Nureyev’s La Scala production was filmed in 1982, with yet another aging Juliet, 46-year-old Carla Fracci, who debuted the role for John Cranko back in 1958. The outlines are MacMillan’s, but the choreography is more Romeo-centered, and Nureyev is past his prime. Margot Fonteyn over-emotes as Lady Capulet. I haven’t seen the 1984 Paris performance; I can’t imagine it would be any better.

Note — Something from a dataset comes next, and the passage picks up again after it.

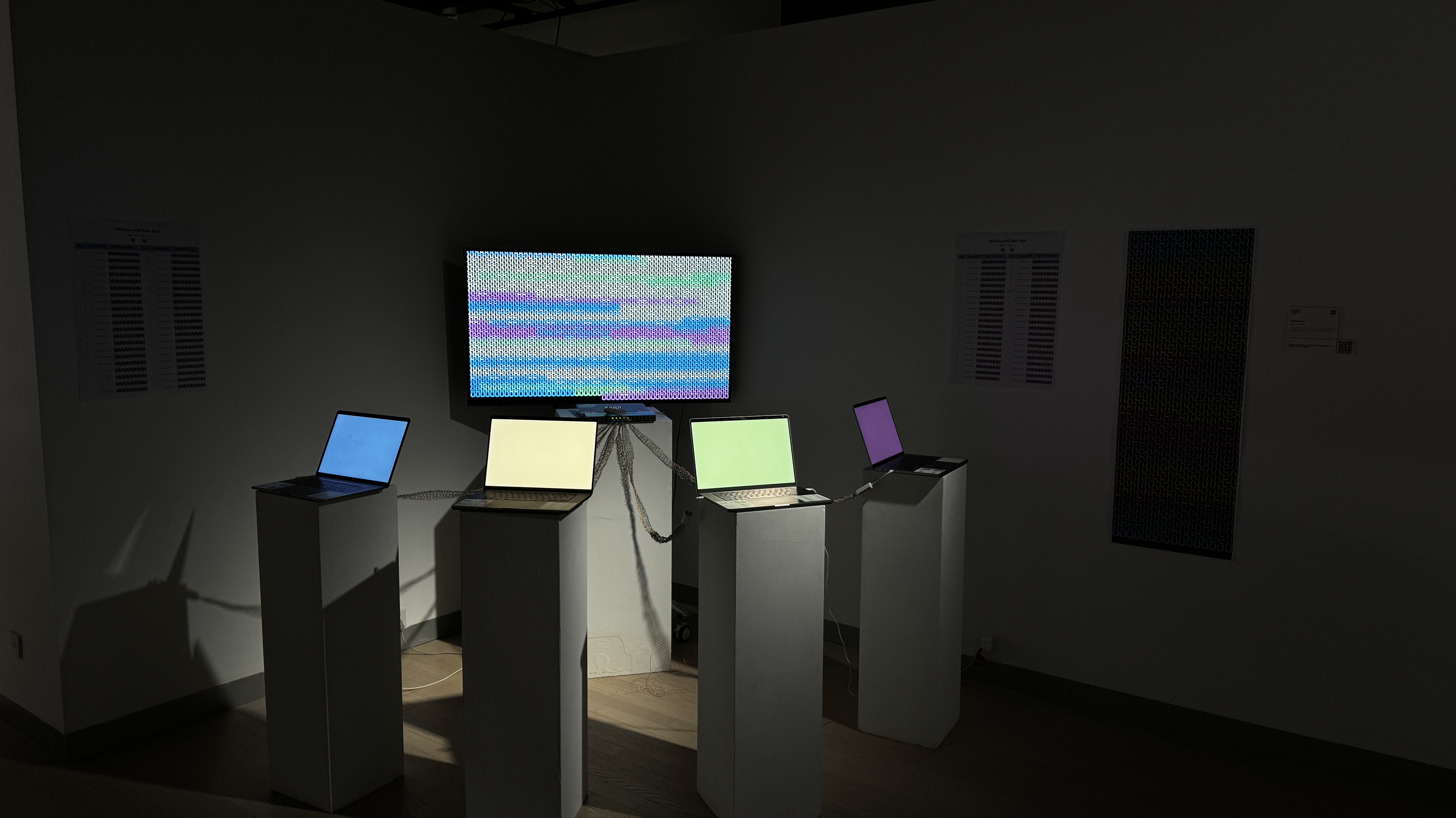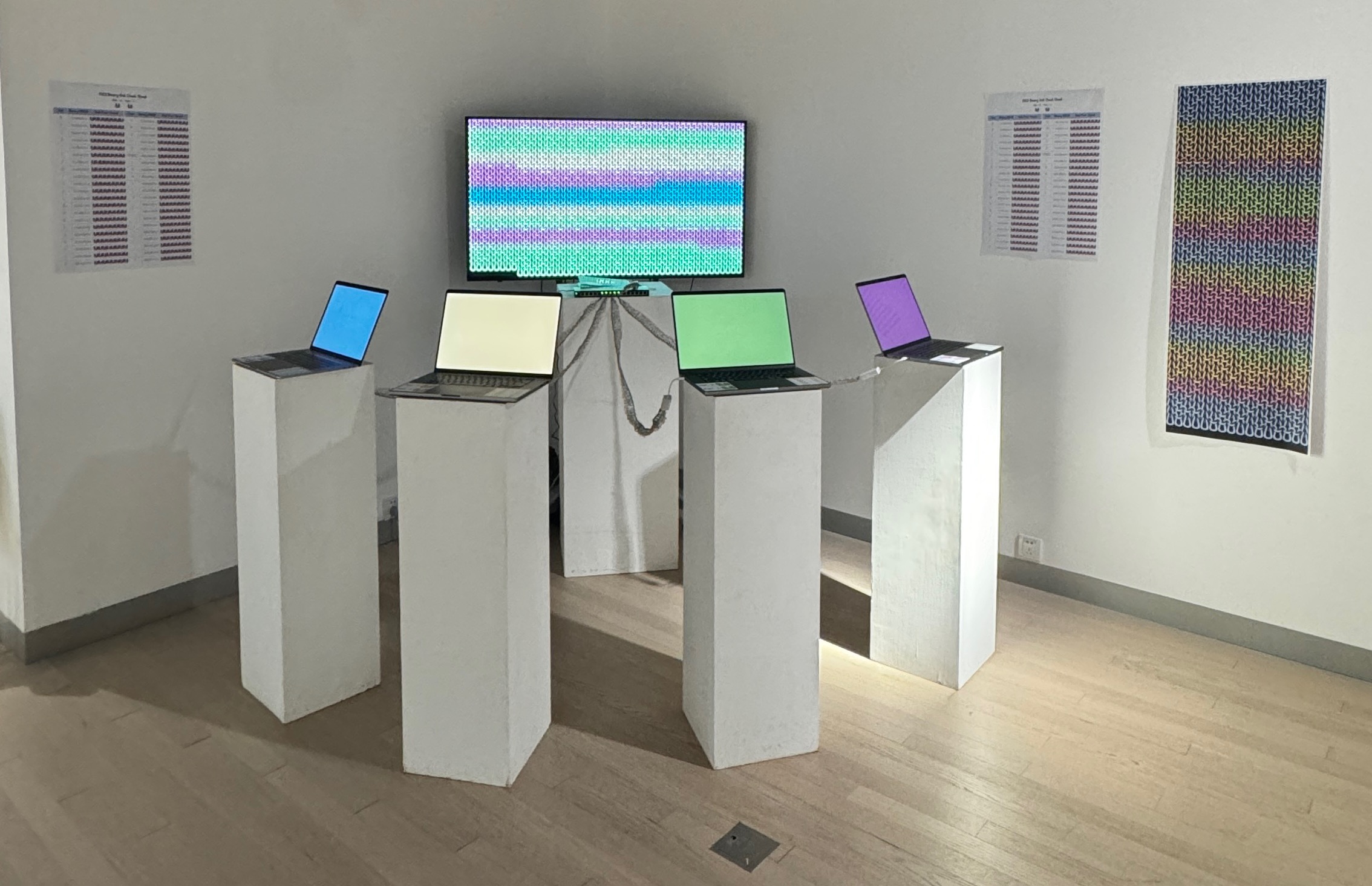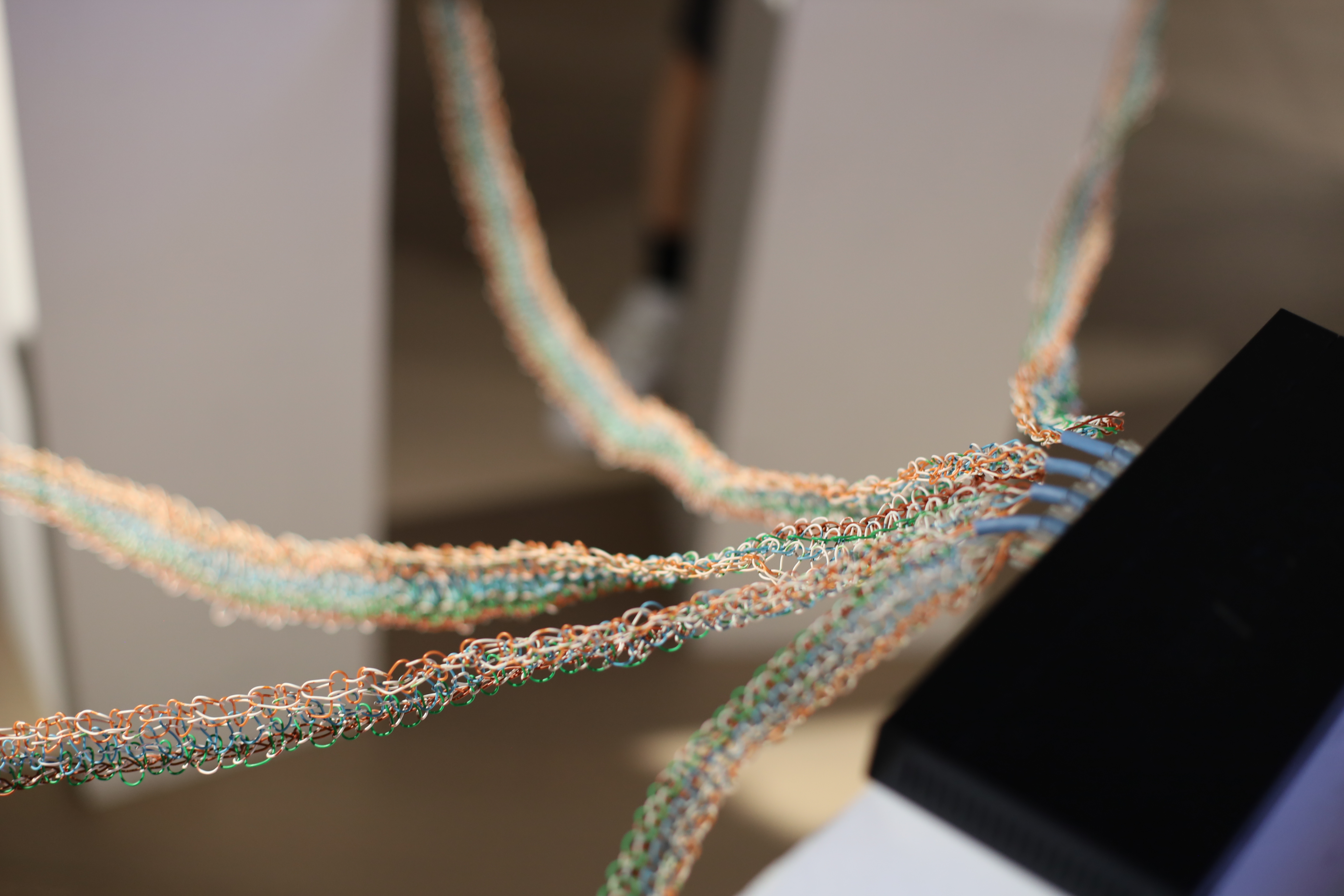 The system consists of four computers and a display, all communicating over a local network connected by deconstructed, hand-knitted, yet fully functional Ethernet cables.

Angelin Preljocaj’s Lyon staging is Eurotrash and proud of it, a modern-dance, modern-dress version set under an overpass, a West Side Story without innocence or even heart where Tybalt and his fascist thugs beat an unarmed Mercutio to death while Romeo and Juliet go through calisthenics that don’t conjure sex, never mind love. Juliet’s nurse is played by two women in vertically halved costumes, one black and white, the other white and black.
By far the most galvanizing performance in this lot is Ferri’s; it’s too bad the Thorn EMI opera and dance videos appear to have been withdrawn. One might also wish to see once more Boston Ballet’s two prior productions. "The place for Choo San Goh’s choreography, surely, is in the movies," Arlene Croce wrote, but his innovations for Romeo and Juliet included the gray-unitarded character Fate and an expanded concept of Tybalt. I was not a fan of the former on principle: despite that "star-crossed" reference in the play’s prologue, Shakespeare’s lovers self-destruct in a blaze of complex light-and-dark metaphors. But it was an original idea in a ballet that has lived on literalism. Goh’s Tybalt glowers at Paris as well as at Romeo; he wants Juliet for himself. It doesn’t stop there, either: stolen moments in the wings with Lady Capulet explain the vehemence of her reaction to his death. Goh’s Dance of the Knights, in front of an Uccello-inspired fresco, had the Capulet ladies doing a deep backbend/pelvic thrust while their husbands genuflected decorously, a tableau of social and sexual dislocation.
Pelzig’s staging retained Alain Vaës’s color-coded costuming (powder-pastel and cream for the Montagues, crimson and black for the Capulets, pink for Juliet) and Botticelli-meets-Aldo-Rossi sets but replaced Goh’s junior-prom steps with a chilling presentiment of Fascist Italy; it’s a presentation that will be hard to match. In the pit, on the other hand, Jonathan McPhee and the Boston Ballet Orchestra have overmatched the disappointing recorded competition (Previn sensitive but dull, Ozawa unballetic and erratic, Gergiev sometimes lightweight and not always well recorded) in Prokofiev’s bass-and-bassoon-bitten score, and there’s no reason to think they won’t do so again.